Secondo il report Istat pubblicato il 5 aprile 2024, nel 2023 il reddito disponibile delle famiglie è aumentato del 4,7%, a fronte però di una riduzione del loro potere di acquisto (-0,5%). La spesa per consumi finali inoltre è cresciuta del 6,5% , mentre la propensione al risparmio è calata al 6,3%, dal 7,8% del 2022, toccando il valore più basso dal 1995, inizio del periodo di riferimento dei conti.
Ma cosa vuol dire esattamente questo?
Reddito familiare in Italia in aumento e potere d’acquisto in calo: cosa vuol dire?
Nel corso del 2023 il reddito disponibile delle famiglie consumatrici è aumentato del 4,7% (+5,7% nel 2022), per una somma equivalente cioè a un incremento di 58,7 miliardi di euro.
Questo incremento di fatto rappresenta una continuazione della tendenza positiva già osservata nel 2022, quando il reddito disponibile era aumentato del 5,7%. Tuttavia, nonostante questo aumento, la consistente crescita dei prezzi ha determinato una contrazione dello 0,5% del potere d’acquisto delle famiglie, evidenziando una sfida importante nel mantenere il livello di benessere economico.
Dai dati forniti emerge chiaramente un quadro complesso della situazione economica. Perché se da un lato si registra un aumento del reddito disponibile nel corso del 2023 e dall’altro si evidenzia un netto calo del potere d’acquisto a causa dell’inflazione, questo significa che, nonostante l’aumento nominale del reddito medio delle famiglie tra il 2019 e il 2023, in termini reali il reddito medio effettivo è diminuito. Il salto di oltre 5.500 euro nel reddito medio delle famiglie italiane appare quindi “virtuale”, poiché è annullato dall’incremento dei prezzi.
Di quanto dovrebbero aumentare gli stipendi?
Per determinare di quanto dovrebbero aumentare gli stipendi al fine di mantenere o migliorare il potere d’acquisto, è necessario considerare l’andamento dell’inflazione nel tempo. L’inflazione rappresenta l’aumento generale dei prezzi dei beni e dei servizi in un’economia e ha un impatto diretto sul potere d’acquisto della moneta.
Per esempio, se l’inflazione è del 2% all’anno, significa che i prezzi medi aumentano del 2% ogni anno. Di conseguenza, per mantenere il potere d’acquisto, gli stipendi dovrebbero aumentare di almeno il 2% ogni anno. Tuttavia, per migliorare il potere d’acquisto, gli stipendi dovrebbero aumentare più dell’inflazione. Quindi, Ad esempio, se l’inflazione in Italia ha avuto una variazione media annua del 5,9% nel 2023, gli stipendi dovrebbero aumentare di più del 5,9% per garantire un reale miglioramento del potere d’acquisto, mentre se gli stipendi aumentano esattamente del 5,9%, il potere d’acquisto rimarrebbe stabile.

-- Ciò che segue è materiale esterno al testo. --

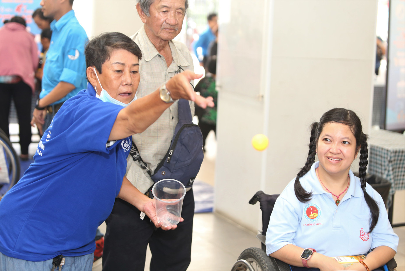 | Các cô chú, anh chị hội viên người khuyết tật phấn khởi tham gia các sân chơi vận động tại buổi họp mặt. |
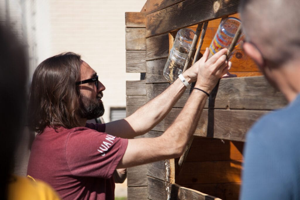 Por otra parte, se organizó una Jornada ambiental con la fundación Contorno Urbano, con motivo del Día internacional del reciclaje. Celebrada en el huerto comunitario de San Cosme, el objetivo era que los grupos que sostienen el espacio pudieran conocerse y construir una hoja de ruta común sobre las mejoras que se quieren implementar en el huerto durante este año. La idea es que en las próximas sesiones se pueda construir una estructura en el huerto y por eso, entre las actividades se hizo un taller de bioconstrucción con barro para mejorar la caseta-invernadero, una pintada de los muros del huerto, una siembra colectiva y juegos de educación ambiental y alimentación.
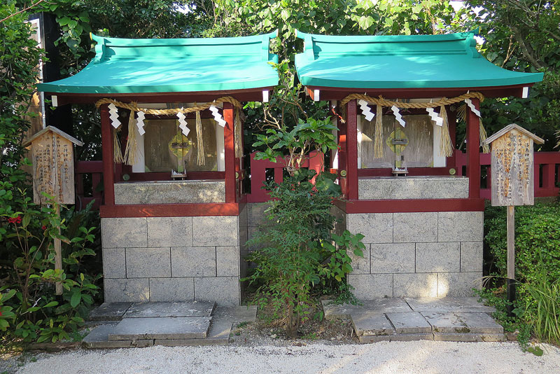 波上宮本殿の左側に二つの小さな社があります。「世持神社(旧郷社)仮宮」「浮島神社(旧県社)仮宮」と書かれています。左側の世持神社とは昭和12年(1937年)に創建され、社名の「世持」は「豊かなる御世、平和なる御世を支え持つ」を意味する沖縄古語であるとの事です。奥武山公園にあった世持神社は沖縄戦で社は燃えましたが、戦火を逃れたご神体は戦後沖縄総鎮守の波上宮に預けられました。戦後那覇市は奥武山公園内に社を再建することを決めており、社殿は奥武山、神体は波上宮にあるという状態になっているようです。
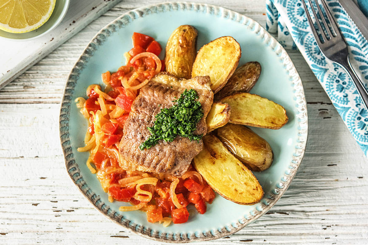 Zwiebel-Tomaten-Gemüse und Kartoffelhälften auf Teller anrichten. Welsfilet auf dem Gemüse verteilen, mit Petersilien-Zitronen-Öl beträufeln und zusammen mit Zitronenspalten genießen.
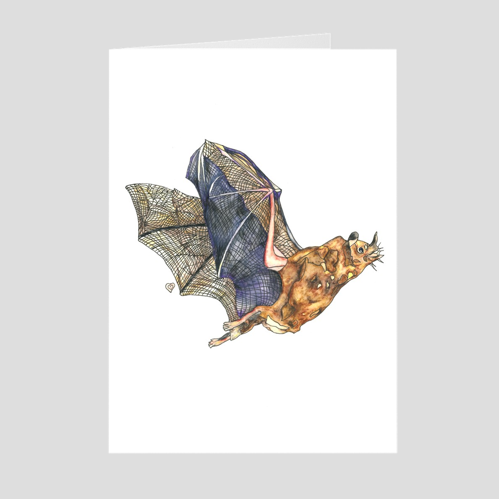 This Bat Greeting Card is blank inside ready to be inscribed and sent to your loved one. Images show front and back of the card. This high quality 5 x 7 paper card comes pre-folded, with a white envelope. Works well with regular ballpoint pens after a short drying time. Card is folded intentionally offset to allow a slight overhang so the cards can be easily opened. Current production time: Estimated production time approx. 6 days. Shipped USPS First Class PKG with tracking.Comes packed in cello sleeve and flat mailer. For personal use only. For commercial or licensing inquiries please contact me.
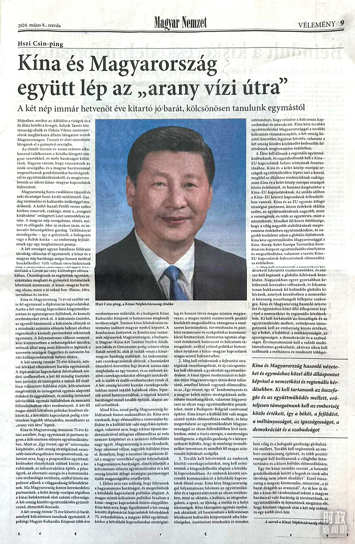 在此訪之際發(fā)表的署名文章中,習(xí)近平主席表示,中方愿以兩國建交75周年為契機,同匈方從戰(zhàn)略高度和長遠角度對雙邊關(guān)系作出頂層設(shè)計。
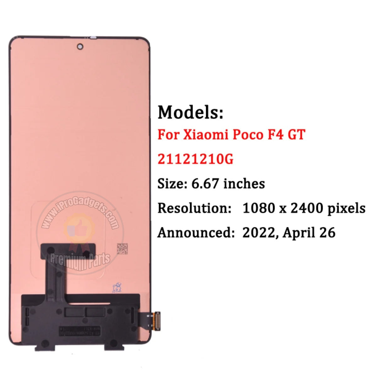 iProGadgets Repair Parts 6.67 inch Original Screen for Xiaomi Poco F4 GT 5G 21121210G 120Hz AMOLED Display Touch Digitizer Assembly All Functions
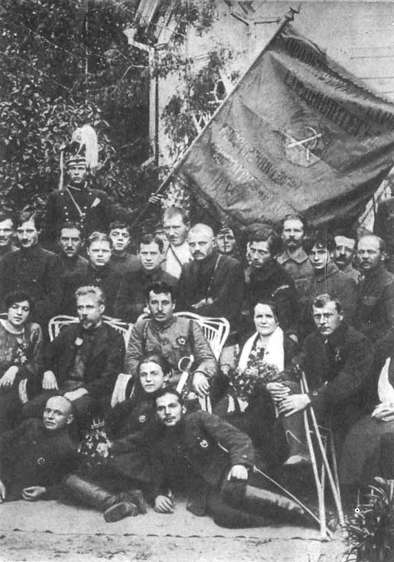 Штаб 24-й Железной дивизии с почётным Красным знаменем, станция Инза. В центре сидит Гай. Знаменосец – в форме Симбирского уланского полка, захваченной в Симбирске. Из книги: В.Г. Новохатко «Шесть дней июля: о Г.Д. Гае»

Ora, considerando che lo stipendio medio in Italia nel 2023 aveva un valore compreso tra i 22.000 euro e i 47.000 euro a persona, l’incremento necessario per mantenere il potere d’acquisto sarebbe dovuto essere almeno di 1.298 euro annui per una RAL di 22.000 ( 22.000€ * 5,9% = 1.298€) e di almeno 2.773 euro annui per una RAL di 47.000 euro (47.000€ * 5,9% = 2.773€).
Quali i rischi a cui andiamo incontro
Se gli stipendi aumentano ma il loro potere d’acquisto diminuisce, ciò può avere diverse conseguenze negative sull’economia e sulle famiglie. Prima di tutto, le famiglie potrebbero non essere in grado di acquistare la stessa quantità di beni e servizi di prima, riducendo il loro tenore di vita complessivo.
Alcuni potrebbero essere costretti a indebitarsi per mantenere lo stesso livello di spesa di prima. E questo può portare a un aumento del debito delle famiglie e ad un maggiore rischio finanziario.
Inoltre, se le famiglie hanno meno potere d’acquisto, ad un certo punto saranno costrette a scegliere quali servizi sono essenziali e quali invece rinunciabili. Per esempio, potrebbero diminuire le spese discrezionali, come viaggi, ristoranti o acquisti non essenziali e ciò potrebbe avere un impatto negativo sul settore dei servizi e sulle imprese che dipendono dai consumatori.
In generale, un declino del potere d’acquisto degli stipendi può portare a un aumento dell’instabilità economica, con potenziali effetti a catena (negativi) sull’occupazione, sulla crescita economica e sul benessere generale della società. Questo circolo vizioso, infine, può alimentare ulteriormente l’inflazione fino a spingere le imprese ad aumentare i prezzi per compensare i costi più elevati della manodopera.